• [AIM OF THE EXERCISE]:
Return only these lines: the one that contains "Цей гідроциліндр здатний" and every line after it through the end of the listing, exactly, without pictures.

(SOURCE MATERIAL begins)

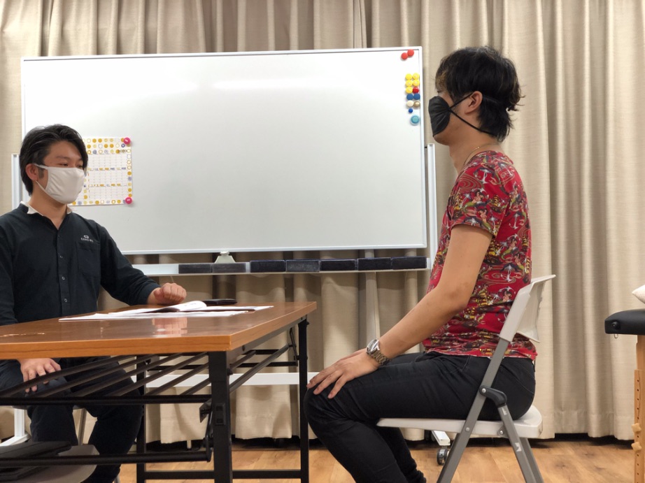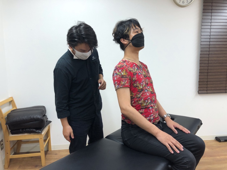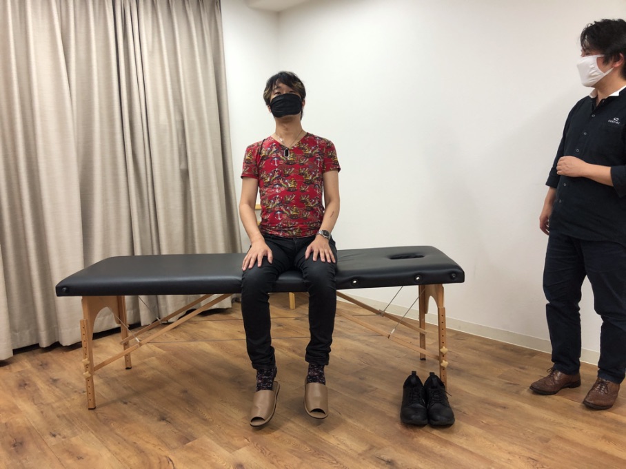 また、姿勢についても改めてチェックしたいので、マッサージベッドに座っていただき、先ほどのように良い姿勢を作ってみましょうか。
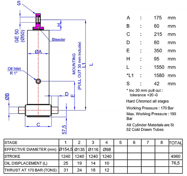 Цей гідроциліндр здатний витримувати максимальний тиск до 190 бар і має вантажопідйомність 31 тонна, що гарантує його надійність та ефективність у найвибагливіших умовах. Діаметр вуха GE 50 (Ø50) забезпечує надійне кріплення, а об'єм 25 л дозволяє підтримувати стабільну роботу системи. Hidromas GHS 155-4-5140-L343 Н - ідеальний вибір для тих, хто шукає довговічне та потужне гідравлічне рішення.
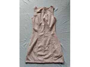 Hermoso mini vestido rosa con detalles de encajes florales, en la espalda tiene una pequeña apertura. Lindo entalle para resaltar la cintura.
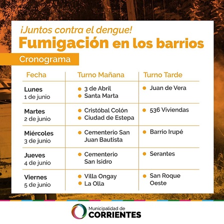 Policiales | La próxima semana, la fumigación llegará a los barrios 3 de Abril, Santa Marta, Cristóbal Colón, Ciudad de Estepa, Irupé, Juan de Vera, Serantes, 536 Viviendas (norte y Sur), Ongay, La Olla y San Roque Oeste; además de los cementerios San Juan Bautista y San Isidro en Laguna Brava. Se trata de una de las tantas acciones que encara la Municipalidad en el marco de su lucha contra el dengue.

(SOURCE MATERIAL ends)

• [TASK ANSWER]:
 Цей гідроциліндр здатний витримувати максимальний тиск до 190 бар і має вантажопідйомність 31 тонна, що гарантує його надійність та ефективність у найвибагливіших умовах. Діаметр вуха GE 50 (Ø50) забезпечує надійне кріплення, а об'єм 25 л дозволяє підтримувати стабільну роботу системи. Hidromas GHS 155-4-5140-L343 Н - ідеальний вибір для тих, хто шукає довговічне та потужне гідравлічне рішення.
 Hermoso mini vestido rosa con detalles de encajes florales, en la espalda tiene una pequeña apertura. Lindo entalle para resaltar la cintura.
 Policiales | La próxima semana, la fumigación llegará a los barrios 3 de Abril, Santa Marta, Cristóbal Colón, Ciudad de Estepa, Irupé, Juan de Vera, Serantes, 536 Viviendas (norte y Sur), Ongay, La Olla y San Roque Oeste; además de los cementerios San Juan Bautista y San Isidro en Laguna Brava. Se trata de una de las tantas acciones que encara la Municipalidad en el marco de su lucha contra el dengue.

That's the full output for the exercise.